═════ SUPPLIED ENTRIES

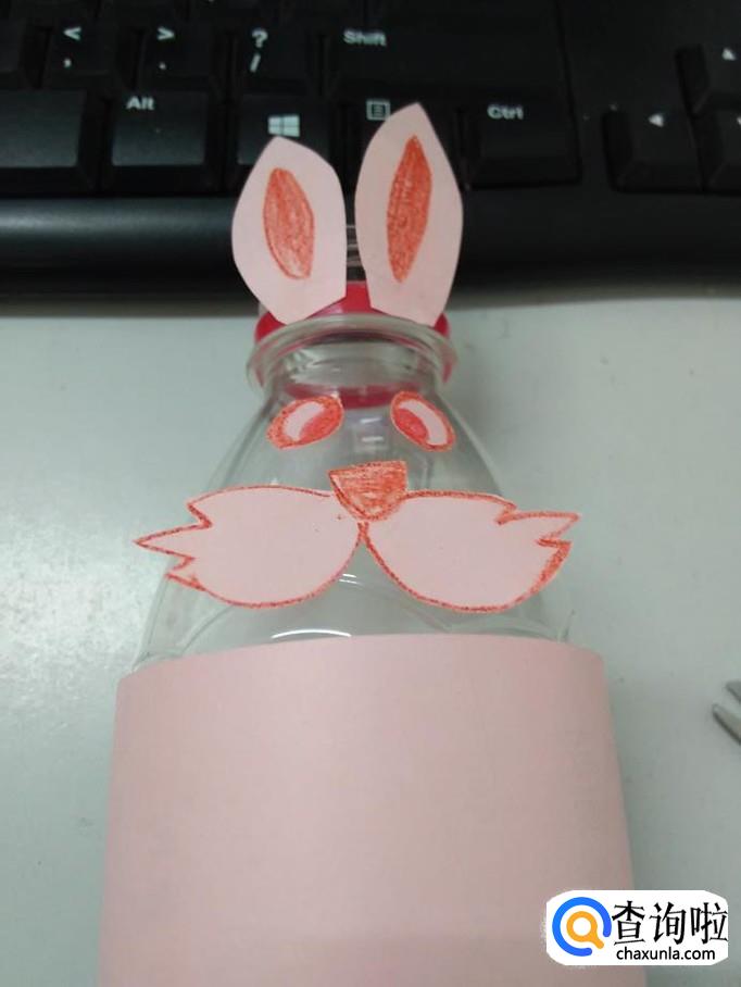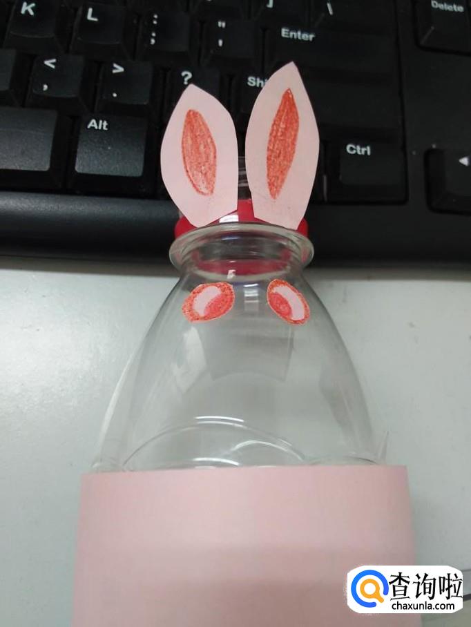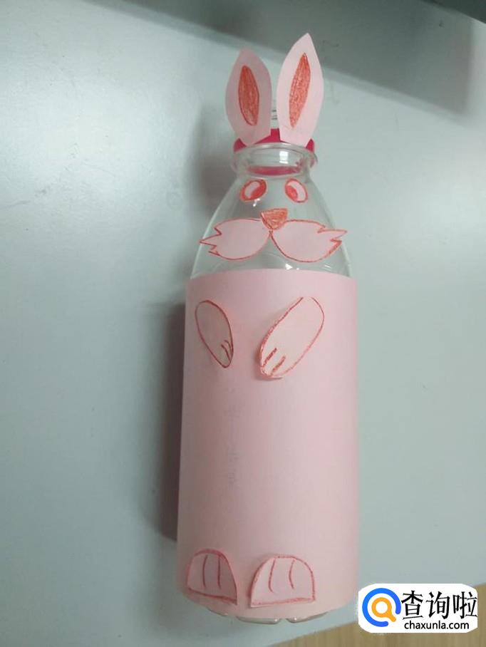 再画两个半圆形,表示脚,在半圆形中间各画两条竖线,表示脚趾,把两只脚剪下来,粘在瓶子下方,一个可爱的小兔子手工就做好了。
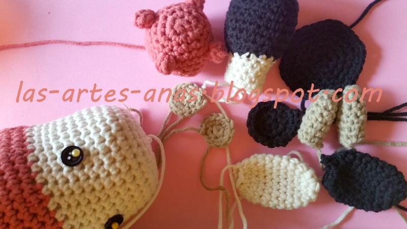 Cerramos con 1 pe dejando una hebra larga para unir al cuerpo. No se rellenan.
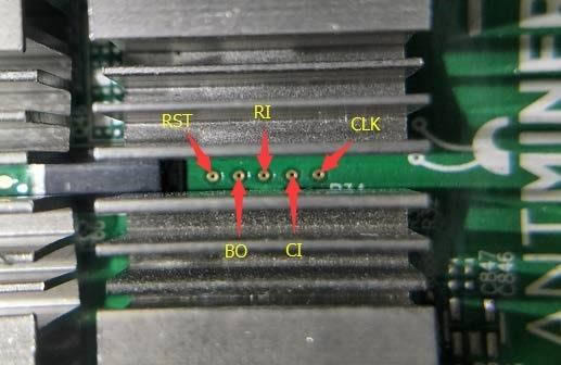 4. Missing chips: Missing chips means that when conducting hash board tester checks, all 18 chips (three chains display respectively) cannot be found, but only some of them. The actually missing (cannot find by checking) anomaly chips are not in the shown location. You need to pinpoint the anomaly chip by testing. The pinpointing can be conducted by intercepting TX. Pivot the TX signal of a certain chip over the land, such as, after setting the TX output of chip No. 14, over the earth and all previous chips are normal, the hash board tester should show 50 chips. If not, the anomaly exists before No. 14; if it does, the anomaly chip is after No. 14. Repeat this until you locate the anomaly chip bydichotomy.
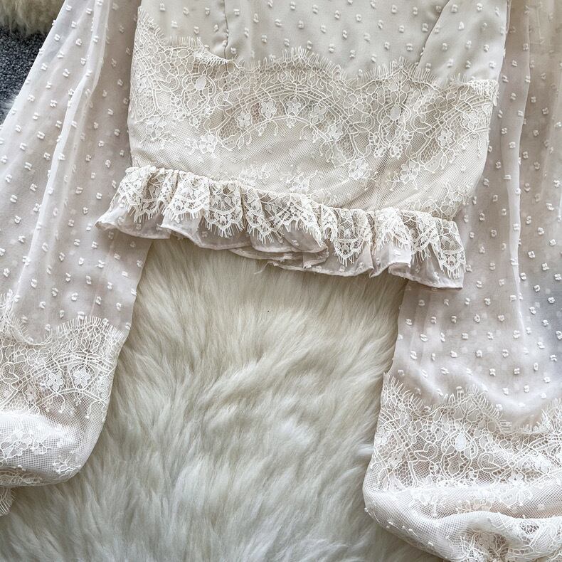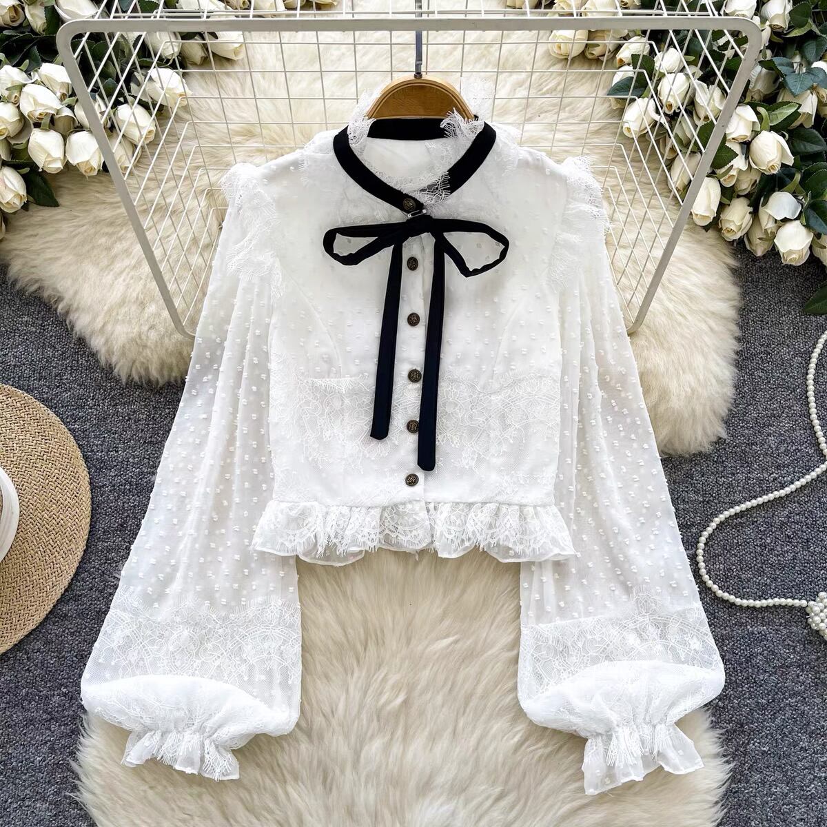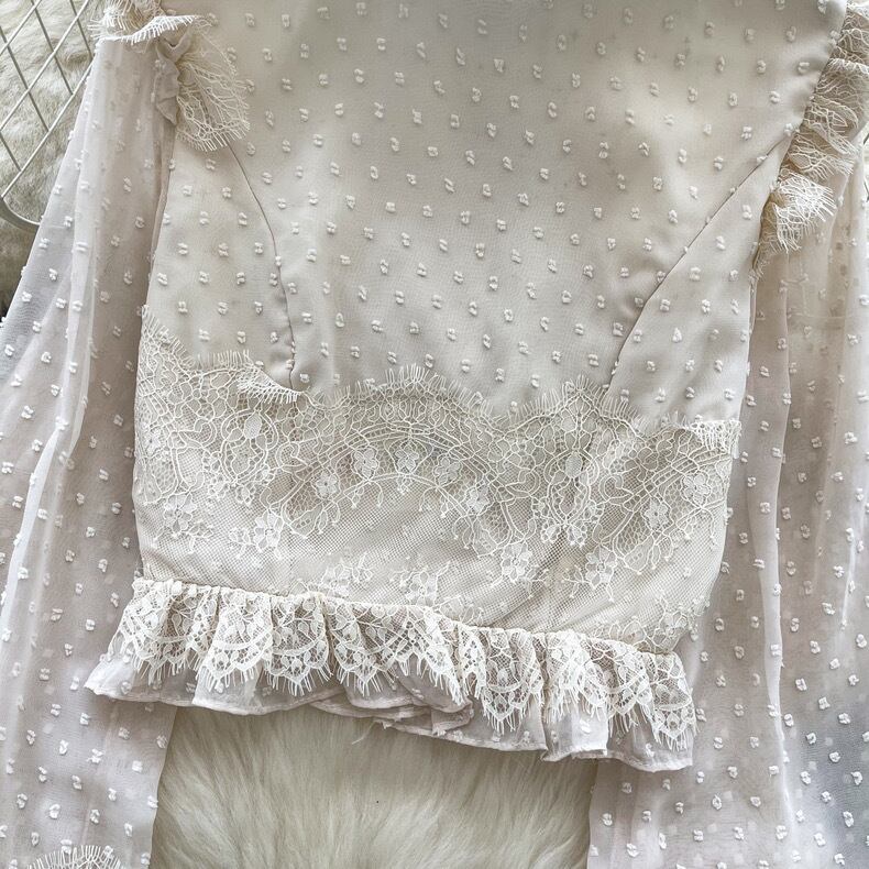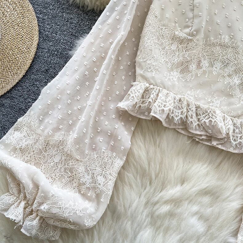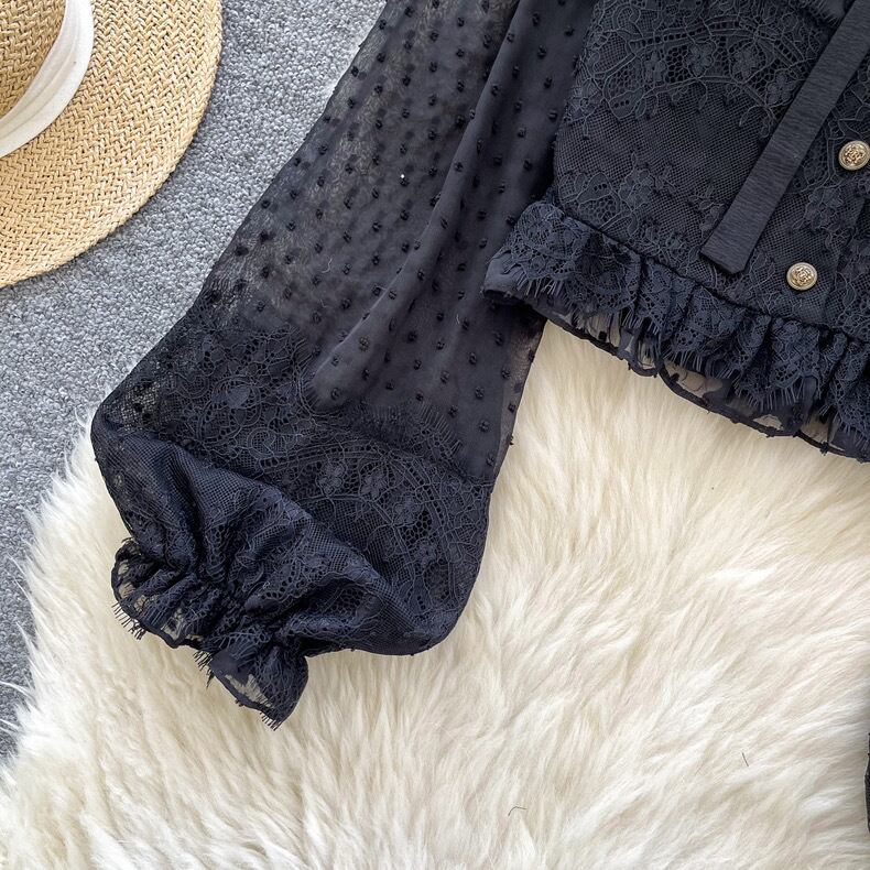 【tops】パフスリーブレース長袖ブラウス3色 MC10302
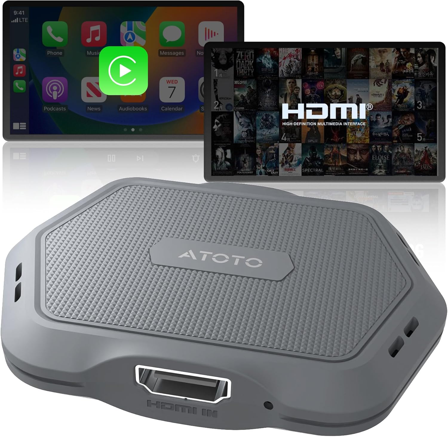 AD1 Wireless Carplay Adapter with HDMI, 2 in 1 Upgraded Dongle for Wired CarPlay Cars, Plug & Play HDMI Multimedia Hub for TV Box/Game Console/DVD/Blu-ray, Bluetooth 5.2, OTA Updates
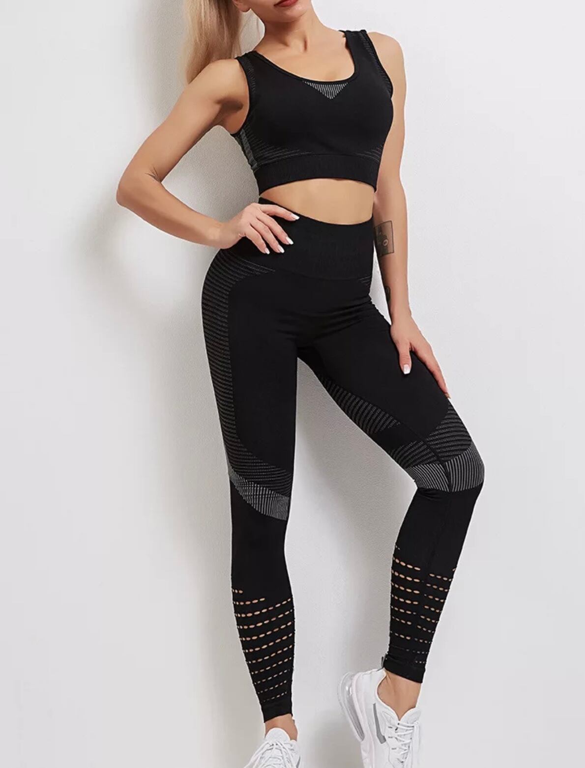 大人気 シームレスヨガウェアセットアップ ブラック
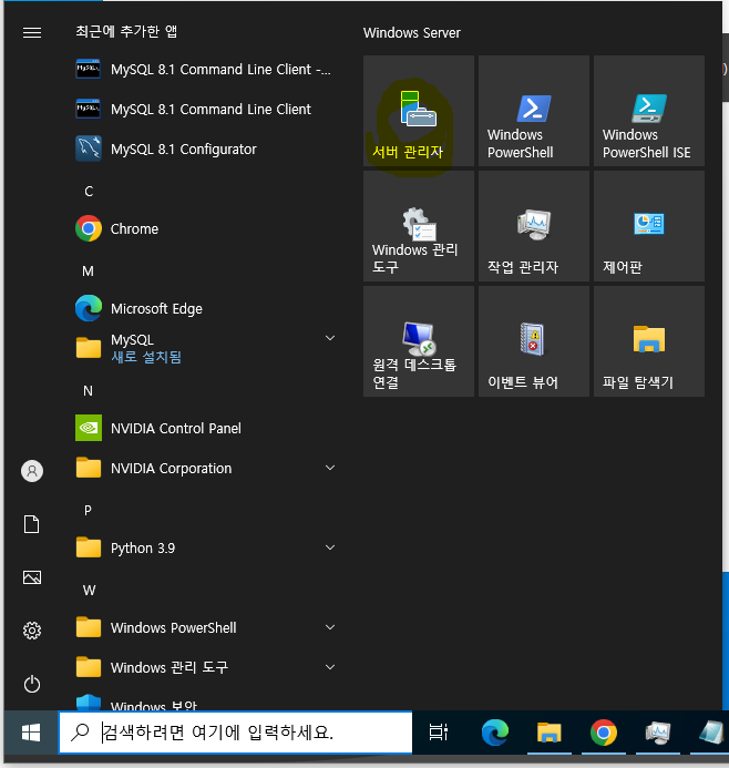 왼쪽 윈도우 시작 버튼을 누르면 서버관리자가 나옵니다.
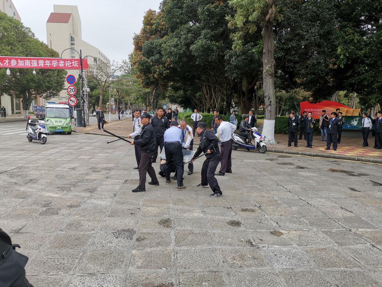 为进一步提高校园安保人员应对暴力恐怖事件的现场处置能力,维护学校安全稳定,保障师生员工人身和财产安全,4月16、18日,学生公寓与环境服务中心联合大学路派出所、校保卫处分别在南校门、海韵学生公寓开展校园突发暴力事件反恐应急处置演练。学校保卫处处长徐跃进、副处长陈锦华及相关人员,学生公寓与环境服务中心主任张金满、相关部门经理到现场观摩指导。
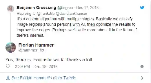 不过 Benjamin Groessing 也在个人推特上强调了,remove.bg 目前只能针对含有人像的照片,其他更复杂的主体识别功能,未来将根据用户的反馈持续完善。
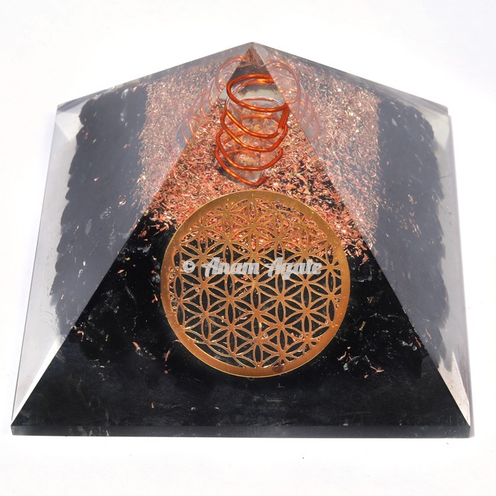 Anam Agate have unique collection of All Energy Healing Crystals Orgone Pyramids. Buy online Black Tourmaline With Flower Of Life Orgonite Pyramid
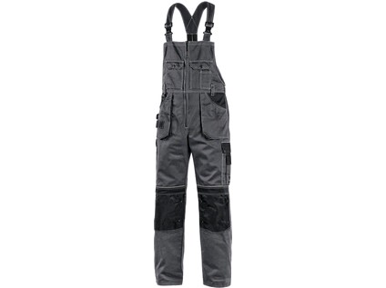 Pánské montérkové kalhoty s náprsenkou zateplené flanelem - zkrácená varianta na výšku 170-176 cm. Náprsní kapsy s klopami, pas s poutky na opasek, vzadu do gumy, přední kapsy s poutky na nářadí, multifunkční kapsy na obou stranách, kolena zesílena 6
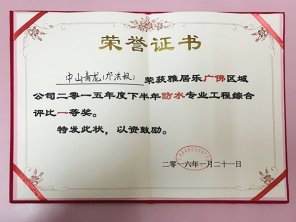 青龍防水材料質(zhì)量可靠,鄺洪根團(tuán)隊(duì)榮獲雅居樂防水工程綜合評比一等獎

══════════

Only the lines from the line holding "Pánské montérkové kalhoty" through the last line above belong in the answer, repeated exactly; the pictures do not.

• **FINAL ANSWER**
 Pánské montérkové kalhoty s náprsenkou zateplené flanelem - zkrácená varianta na výšku 170-176 cm. Náprsní kapsy s klopami, pas s poutky na opasek, vzadu do gumy, přední kapsy s poutky na nářadí, multifunkční kapsy na obou stranách, kolena zesílena 6
 青龍防水材料質(zhì)量可靠,鄺洪根團(tuán)隊(duì)榮獲雅居樂防水工程綜合評比一等獎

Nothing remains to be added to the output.